• REQUIREMENT:
Print the lines exactly. Start at the first line of the material below, end with the line that contains "Hairy brunette girl", and skip all pictures.

• DATA SEGMENT:
....

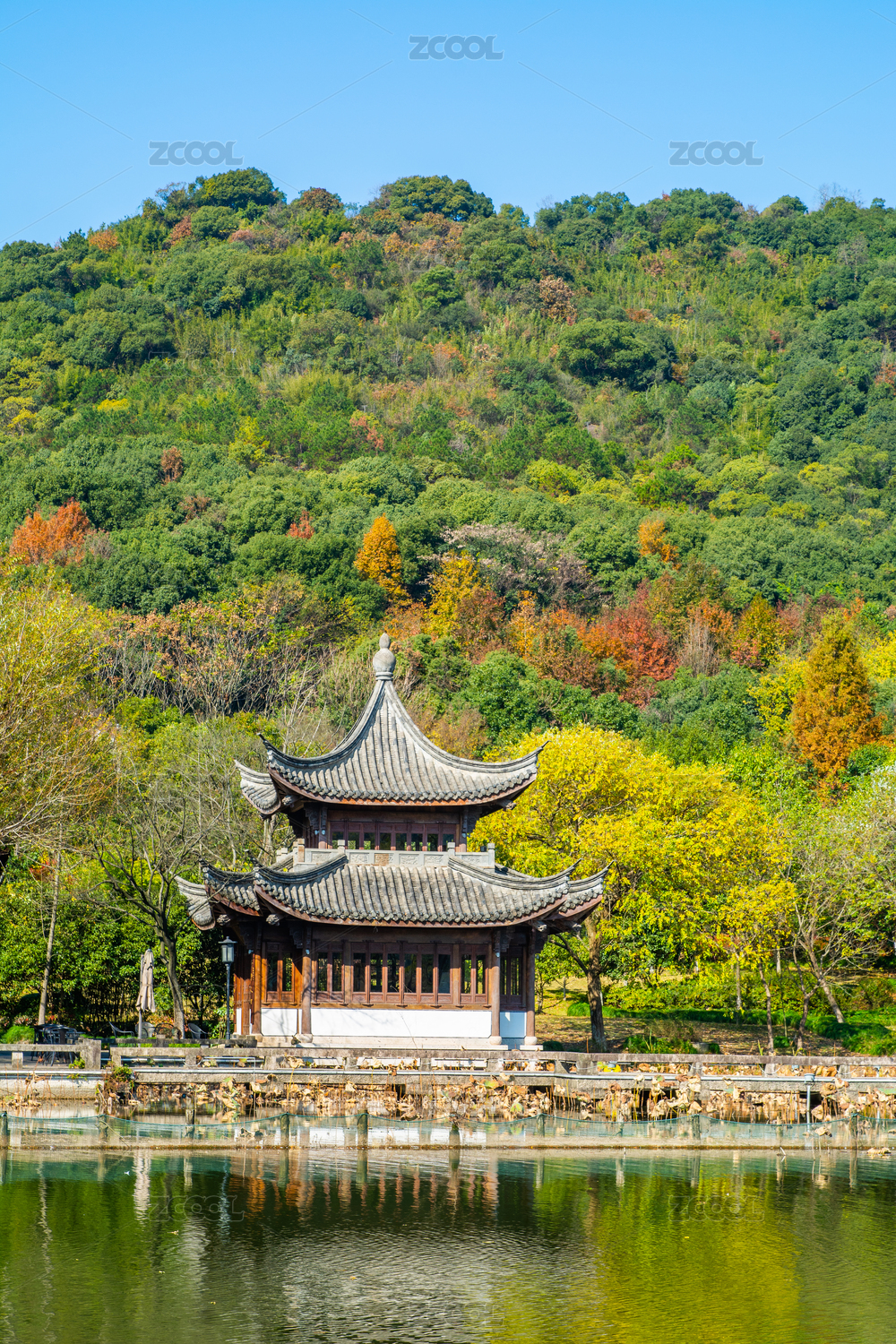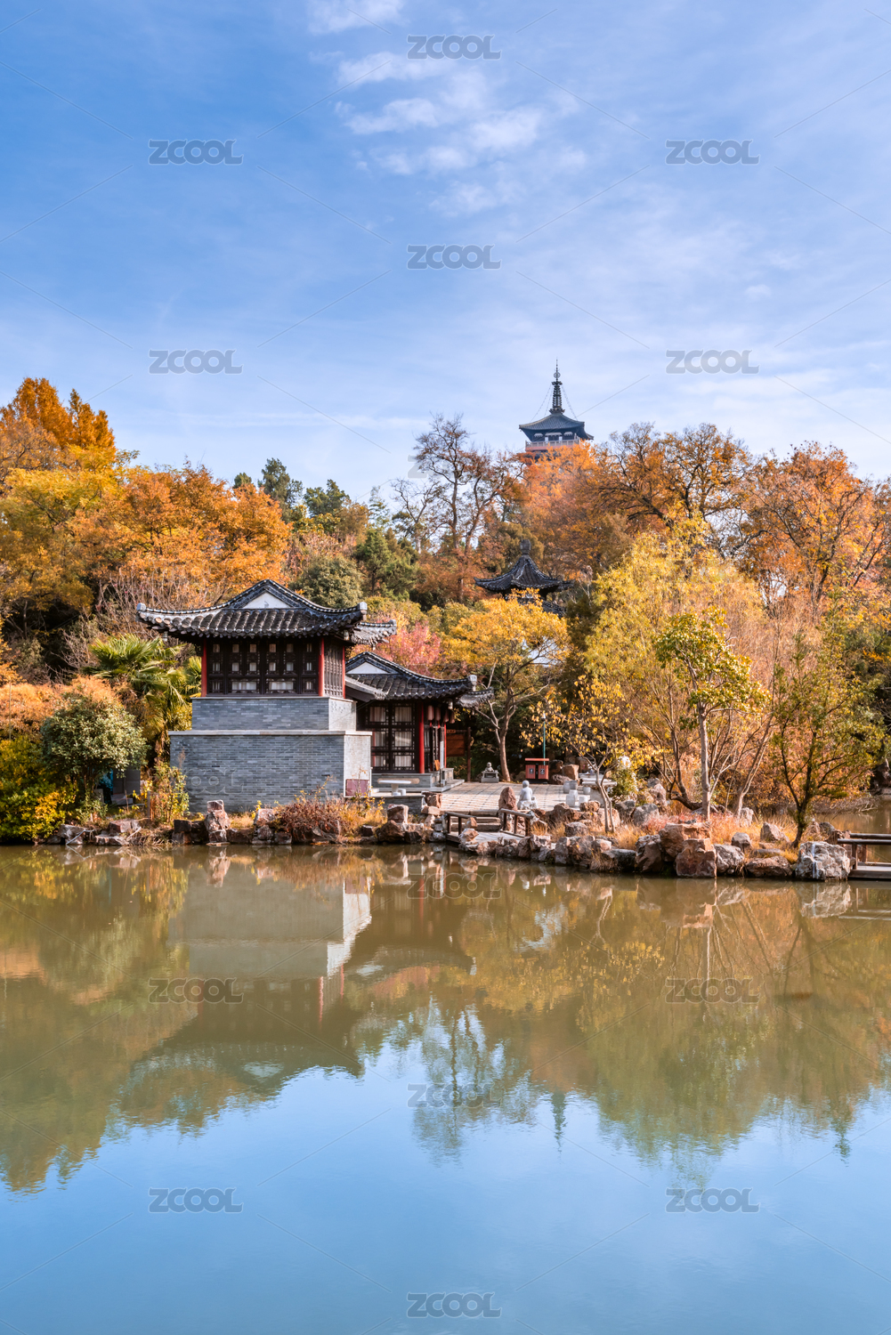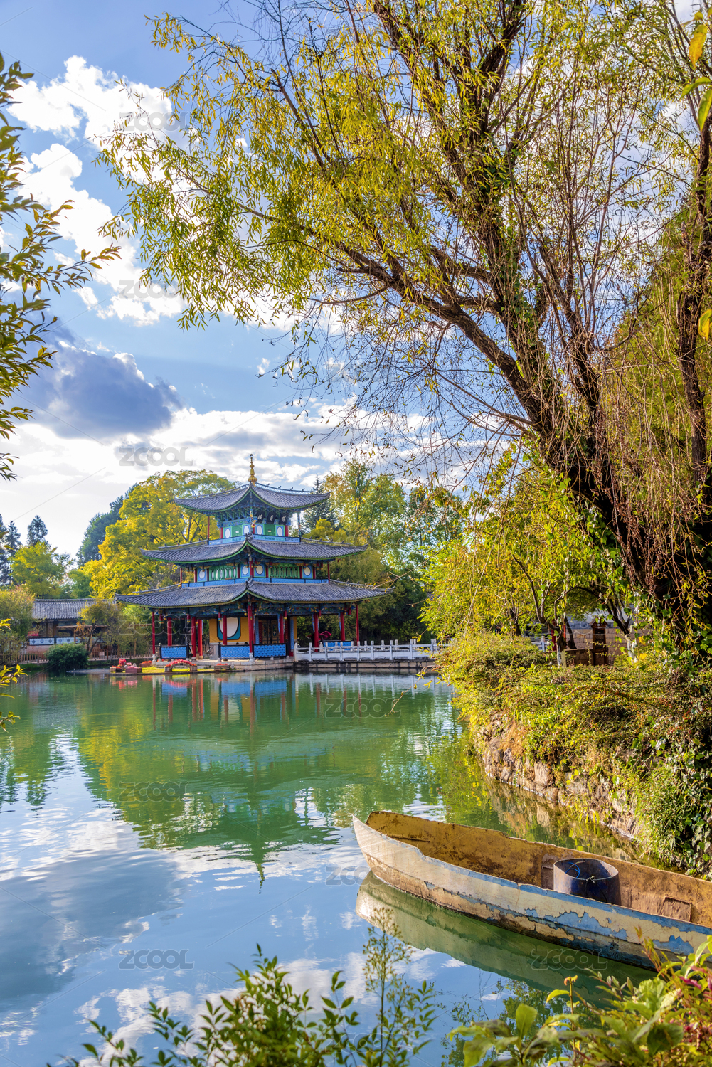 中国云南丽江黑龙潭公园湖泊秋色古建筑风光
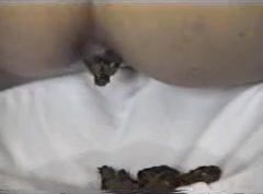 Hairy brunette girl is pooping in the toilet. This is actually a vintage video.
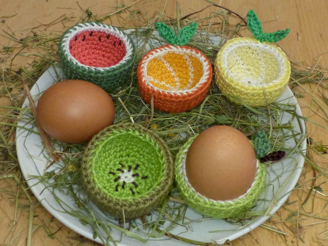 Ein Eierbecher ist sowohl praktisch als auch dekorativ. Nicht nur an den Osterfeiertagen, auch an jedem anderen Tag kannst du dein Frühstücksei in einem selbst gehäkelten, fruchtigen Eierbecher auf den Tisch stellen. Häkel für jedes Familienmitglied einen Eierbecher in der Lieblingssorte oder stimme die Becher harmonisch auf deine Tischdekoration ab. Die 5 Modelle Zitrone, Orange, Apfel, Kiwi und Melone werden ausführlich beschrieben, viele Fotos helfen dabei, den Herstellungsprozess zu veranschaulichen.

....

• SOLVED EXERCISE:
 中国云南丽江黑龙潭公园湖泊秋色古建筑风光
 Hairy brunette girl is pooping in the toilet. This is actually a vintage video.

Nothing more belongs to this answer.